Overview
A test statistic turns sample evidence into one clear number. It shows how far an estimate sits from a null value. Larger absolute values often mean stronger evidence. The meaning still depends on the test, direction, and degrees of freedom.
This calculator supports common statistics used in classes, labs, and reports. You can calculate z values, t values, chi-square values, F ratios, and correlation t values. You can also use a general standard error method when your study already gives an estimate and its standard error.
Why Test Statistics Matter
Hypothesis testing starts with a claim. The claim is usually called the null hypothesis. A sample is then measured. The test statistic compares the sample result with that claim. It scales the difference by expected random variation. That makes results easier to compare across studies.
A small statistic suggests the sample result is near the null value. A large positive statistic supports a greater-than direction. A large negative statistic supports a less-than direction. For chi-square and F tests, large right-tail values are usually the focus.
Interpreting the Result
The calculator also estimates a p-value when the selected model supports it. The p-value shows how unusual the statistic is, assuming the null is true. A low p-value can support rejection of the null hypothesis. Use your alpha level before seeing the result. Common alpha levels are 0.10, 0.05, and 0.01.

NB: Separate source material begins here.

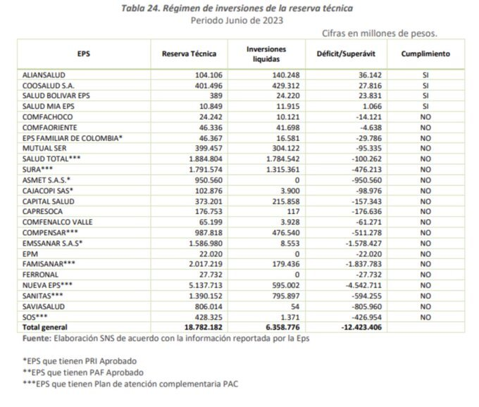 “La Superintendencia Nacional de Salud identificó que al corte de junio de 2023, 20 de las 24 entidades que actualmente operan el aseguramiento en salud, no cuentan con los recursos suficientes para cubrir la reserva técnica. El faltante histórico ha venido creciendo por falta de capitalización o fortalecimiento patrimonial hasta alcanzar $12.4 billones”, se lee en el archivo.
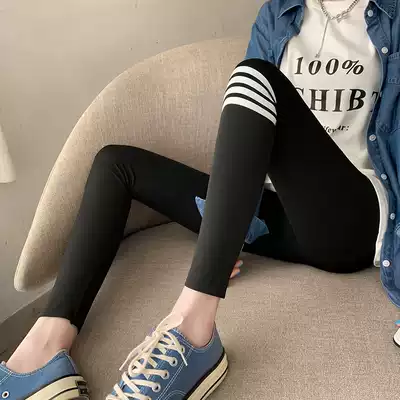 Shark skin inner pants for women to wear spring and autumn and summer thin high-waisted belly and hips tight black small feet Barbie pants

Degrees of freedom are shown when they apply. They help define the reference distribution. A t test with a small sample has heavier tails. A chi-square test changes shape as degrees of freedom rise. Welch tests use an adjusted degree of freedom.
Good Input Practice
Use matching units for means and standard deviations. Use counts for proportion tests. Do not enter percentages unless the field asks for a proportion. For example, enter 0.62 instead of 62 percent. For goodness of fit, observed and expected lists must have the same number of categories.
Use this tool as a calculation aid. It does not choose the right research design. Check assumptions before reporting results. Normality, independence, equal variance, and sampling method can affect conclusions. Keep your raw data and notes with the exported summary. Save final outputs safely.